I'm the opposite.I like taller tires because there is more clearece under the drawbar espicially for rd baleing where you stradle the windrow.


----------



## NoDak (Aug 28, 2016)

swmnhay said:


> I'm the opposite.I like taller tires because there is more clearece under the drawbar espicially for rd baleing where you stradle the windrow.


Both have good points. Tall tires and flip draw bar maybe the way to go?


----------



## stack em up (Mar 7, 2013)

What's the 4440 running in sugar beets? I'd think she'd be short a few ponies on a topper and WAY short on the lifter?
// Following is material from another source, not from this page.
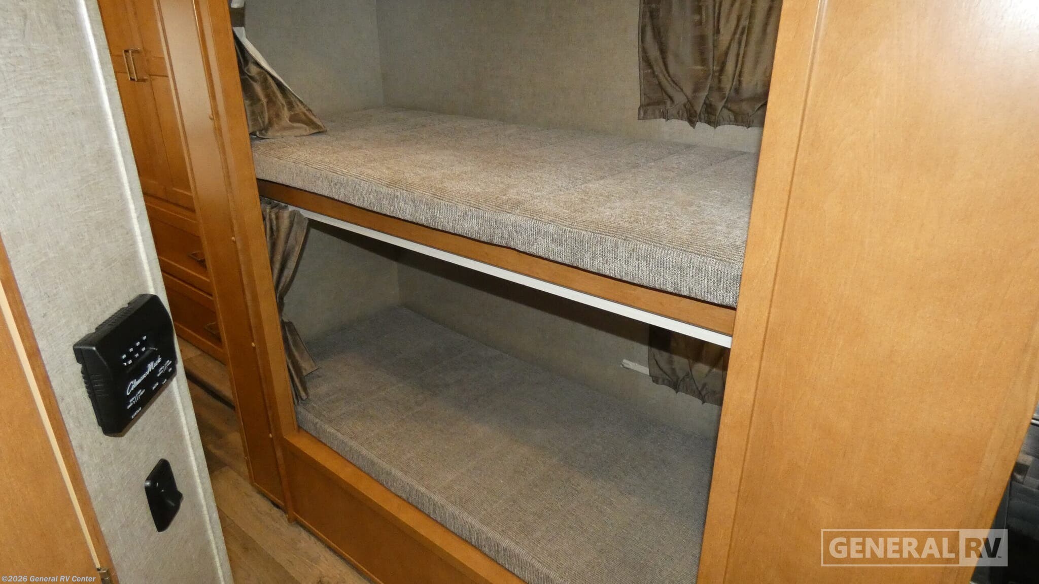 **Winnebago Minnie Winnie 31G Class C Motorhome — highlights:** - Rear Private Queen Bedroom - Mid-Coach Bunk Beds - Single Living-Area Slide-Out - Cab-Over Bunk The 2019 Winnebago Minnie Winnie 31G is a family-focused Class C motorhome designed to maximize sleeping capacity while maintaining a functional living space. The main living area features a single slide-out that houses both the booth dinette and sofa bed, opening up the floorplan for comfortable movement and seating. A cab-over bunk adds additional sleeping space, making this coach well suited for larger families or groups. Toward the rear, the Minnie Winnie 31G offers a private queen bedroom with wardrobe storage, a chest of drawers, and a sliding door for separation from the rest of the coach. Mid-coach bunk beds provide dedicated sleeping space for kids or guests, located conveniently near the bathroom. The kitchen includes a three-burner cooktop, refrigerator, pantry, and overhead cabinetry, while the full bathroom features a 32" x 32" shower, toilet, and vanity. With multiple sleeping zones and a smart, family-friendly layout, the 31G is built for comfortable travel and extended camping trips.

Sprayer I assume?


----------



## youngbaler (Apr 9, 2015)

We have topped a lot of beets and still do with a 4440 and a 12 row alloway topper. Used to pull a six row lifter too.


----------



## barnrope (Mar 22, 2010)

I put 20.8x42s on my 4440. it works great and goes down the road 5 MPH faster than it did with 18.4x38's.


----------



## NoDak (Aug 28, 2016)

stack em up said:


> What's the 4440 running in sugar beets? I'd think she'd be short a few ponies on a topper and WAY short on the lifter? Sprayer I assume?
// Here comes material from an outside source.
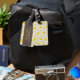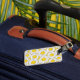 Themed bagagemärkre för gullig och nyckfull blomma som presenterar ett mönster av vitdaisy med att le uttryck på en sida och utrymme för din namn och adress på det omvänt. Ta copyrightt på © Lisa Marie Robinson som all rättigheter reserverade. Det är olagligt att använda eller att duplicera detta eller några av vår bilder, utan skriftlig tillåtelse.
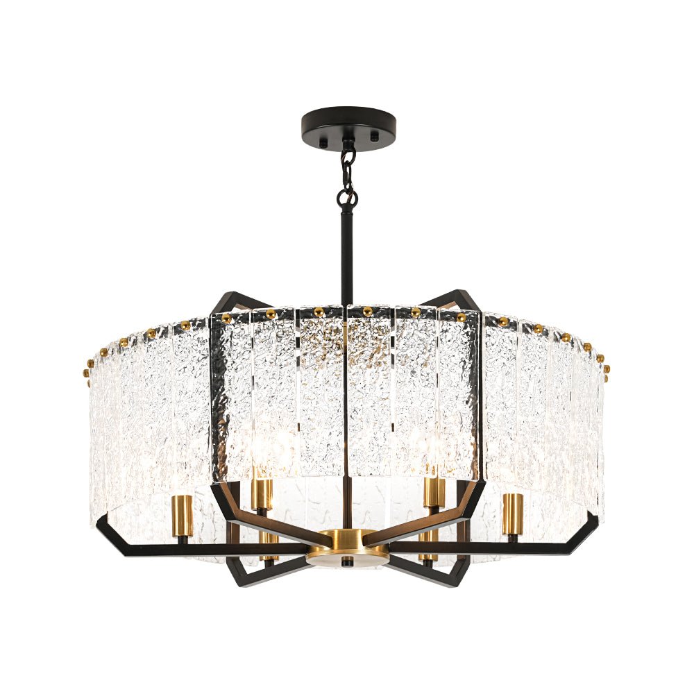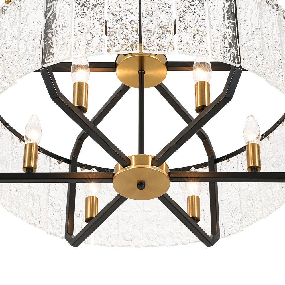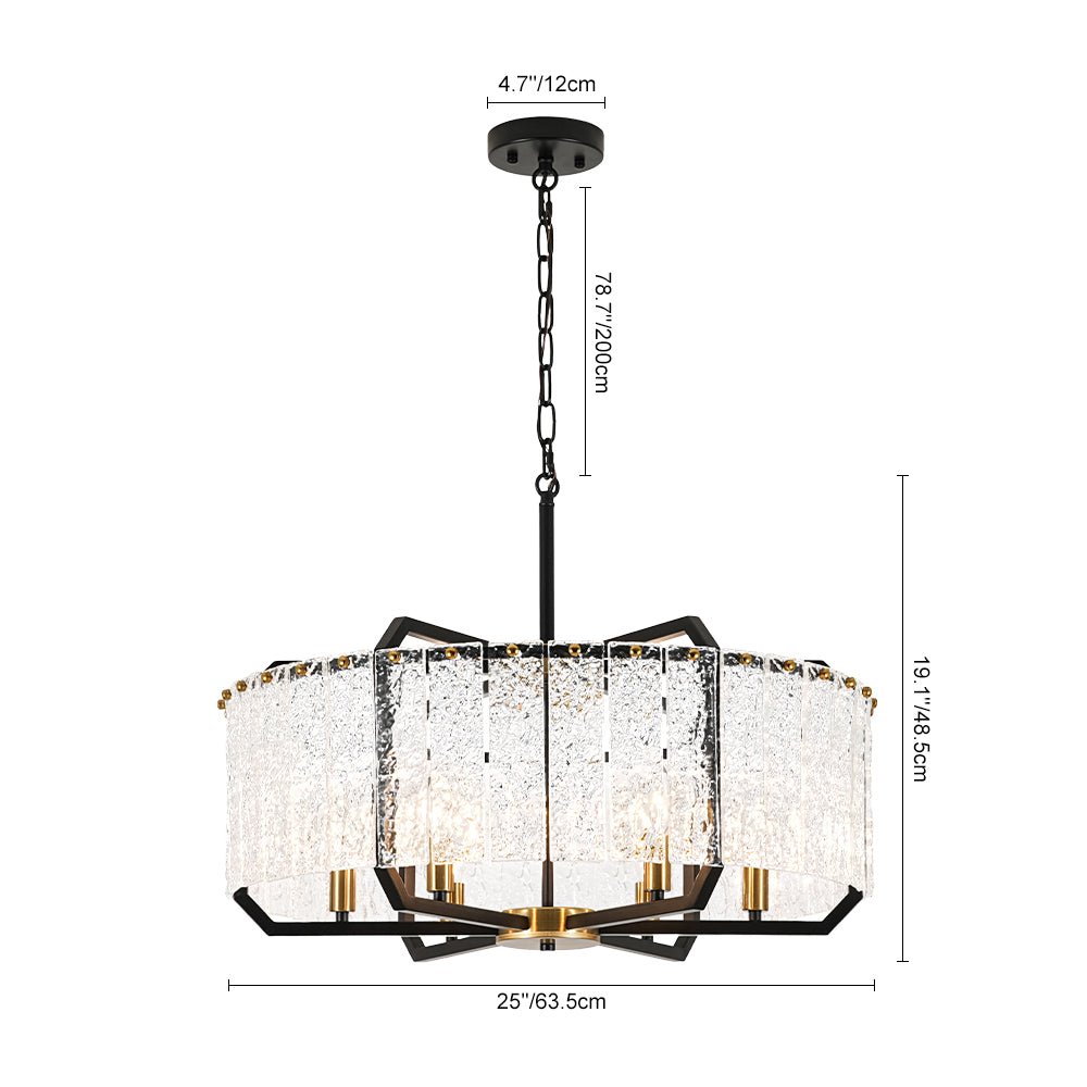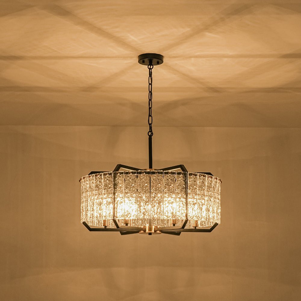 This round lantern chandelier showcases a wide, drum-inspired silhouette crafted from a sturdy iron frame and accented with clear rippled glass panels. The water texture introduces subtle retro character while adding depth and dimension to the overall design.Ā Inside, six brass candle-style sockets accommodate E12 candelabra bulbs (not included), delivering a soft, diffused glow that enhances the ambiance and beautifully contrasts with the matte black open cage. Refined yet understated, this 6-light textured glass drum pendant makes a striking statement in modern interiorsāideal for kitchen islands, dining rooms, entryways, and living spaces.

It would run a 12 row topper just fine. run a cultivator if things start blowing in the beginning of the year. Never enough backup tractors in a beet field. just want a universal tractor but don't wanna screw up haying equipment from draw bar being to high.


----------



## stack em up (Mar 7, 2013)

Gotcha. Didn't know there were many 12 row toppers still out there. I know very little of sugar beets, I know that by Renville I don't think you could find one anymore. All 16 and 24s. Those are huge toppers!


----------



## youngbaler (Apr 9, 2015)

We are in the southern red river valley, lots of beets here and big farmers too a couple thousand acres of beets is common. Never seen a topper bigger than 12 rows... A neighbor does have a 12 row thirty inch beet lifter(home made) that thing is huge, pulls it with a 500 row track.


----------



## NoDak (Aug 28, 2016)

stack em up said:


> Gotcha. Didn't know there were many 12 row toppers still out there. I know very little of sugar beets, I know that by Renville I don't think you could find one anymore. All 16 and 24s. Those are huge toppers!
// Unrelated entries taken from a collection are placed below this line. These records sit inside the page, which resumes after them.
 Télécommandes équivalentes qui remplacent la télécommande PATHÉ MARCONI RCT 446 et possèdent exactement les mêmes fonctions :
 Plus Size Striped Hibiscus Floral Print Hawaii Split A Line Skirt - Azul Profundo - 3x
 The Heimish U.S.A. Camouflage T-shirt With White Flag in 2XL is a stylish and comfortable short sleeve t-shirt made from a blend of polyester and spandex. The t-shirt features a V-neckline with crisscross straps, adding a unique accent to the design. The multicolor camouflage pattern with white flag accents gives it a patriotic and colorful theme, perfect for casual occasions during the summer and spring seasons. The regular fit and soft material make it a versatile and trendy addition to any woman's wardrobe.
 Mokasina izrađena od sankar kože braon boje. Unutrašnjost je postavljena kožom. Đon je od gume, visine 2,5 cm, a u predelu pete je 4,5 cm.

Not to come off wrong but can you show me a 24 row topper? I'm having a hard time believe that exists.. I'm from the center red river valley and all of us growers use a 6 or 12 row topper.


----------



## stack em up (Mar 7, 2013)

I'd have to take a drive. Arts-Way built a run of them a couple years ago. I assumed it was commonplace.


----------



## Gearclash (Nov 25, 2010)

Overall height of a 14.9-46 is very close to an 18.4-42. I don't think of 14.9-46 as a tall tire, just skinny. A 20.8-42 as quite a bit taller than a 14.9-46.


----------